» Data in this exercise
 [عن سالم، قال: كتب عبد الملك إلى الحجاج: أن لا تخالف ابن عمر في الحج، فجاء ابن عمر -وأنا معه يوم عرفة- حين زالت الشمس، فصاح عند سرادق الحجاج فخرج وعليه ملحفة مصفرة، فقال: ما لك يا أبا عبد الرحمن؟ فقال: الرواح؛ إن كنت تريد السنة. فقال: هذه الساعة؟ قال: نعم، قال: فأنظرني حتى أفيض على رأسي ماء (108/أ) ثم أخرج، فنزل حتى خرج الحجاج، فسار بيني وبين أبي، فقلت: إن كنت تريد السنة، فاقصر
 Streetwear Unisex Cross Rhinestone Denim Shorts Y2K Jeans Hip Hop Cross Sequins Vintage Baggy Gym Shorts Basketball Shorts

--

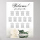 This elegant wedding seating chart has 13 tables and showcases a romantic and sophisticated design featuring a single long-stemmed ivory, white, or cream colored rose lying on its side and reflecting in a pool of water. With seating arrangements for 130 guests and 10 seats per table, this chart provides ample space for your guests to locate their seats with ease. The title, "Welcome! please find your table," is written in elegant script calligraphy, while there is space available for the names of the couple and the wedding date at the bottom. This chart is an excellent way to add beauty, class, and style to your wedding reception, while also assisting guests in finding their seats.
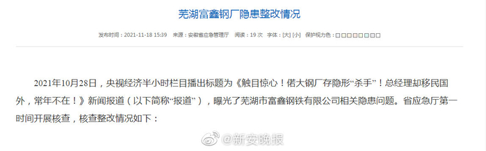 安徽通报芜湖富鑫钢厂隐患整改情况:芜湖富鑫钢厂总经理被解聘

---

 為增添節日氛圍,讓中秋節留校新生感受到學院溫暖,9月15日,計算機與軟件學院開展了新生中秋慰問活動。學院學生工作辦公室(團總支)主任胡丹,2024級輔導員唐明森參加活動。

» Brief
Reproduce the data above exactly, but only from the line containing "This elegant wedding" through the line containing "安徽通报芜湖富鑫钢厂隐患整改情况:芜湖富鑫钢厂总经理被解聘". Omit all pictures.

» Solution to this exercise
 This elegant wedding seating chart has 13 tables and showcases a romantic and sophisticated design featuring a single long-stemmed ivory, white, or cream colored rose lying on its side and reflecting in a pool of water. With seating arrangements for 130 guests and 10 seats per table, this chart provides ample space for your guests to locate their seats with ease. The title, "Welcome! please find your table," is written in elegant script calligraphy, while there is space available for the names of the couple and the wedding date at the bottom. This chart is an excellent way to add beauty, class, and style to your wedding reception, while also assisting guests in finding their seats.
 安徽通报芜湖富鑫钢厂隐患整改情况:芜湖富鑫钢厂总经理被解聘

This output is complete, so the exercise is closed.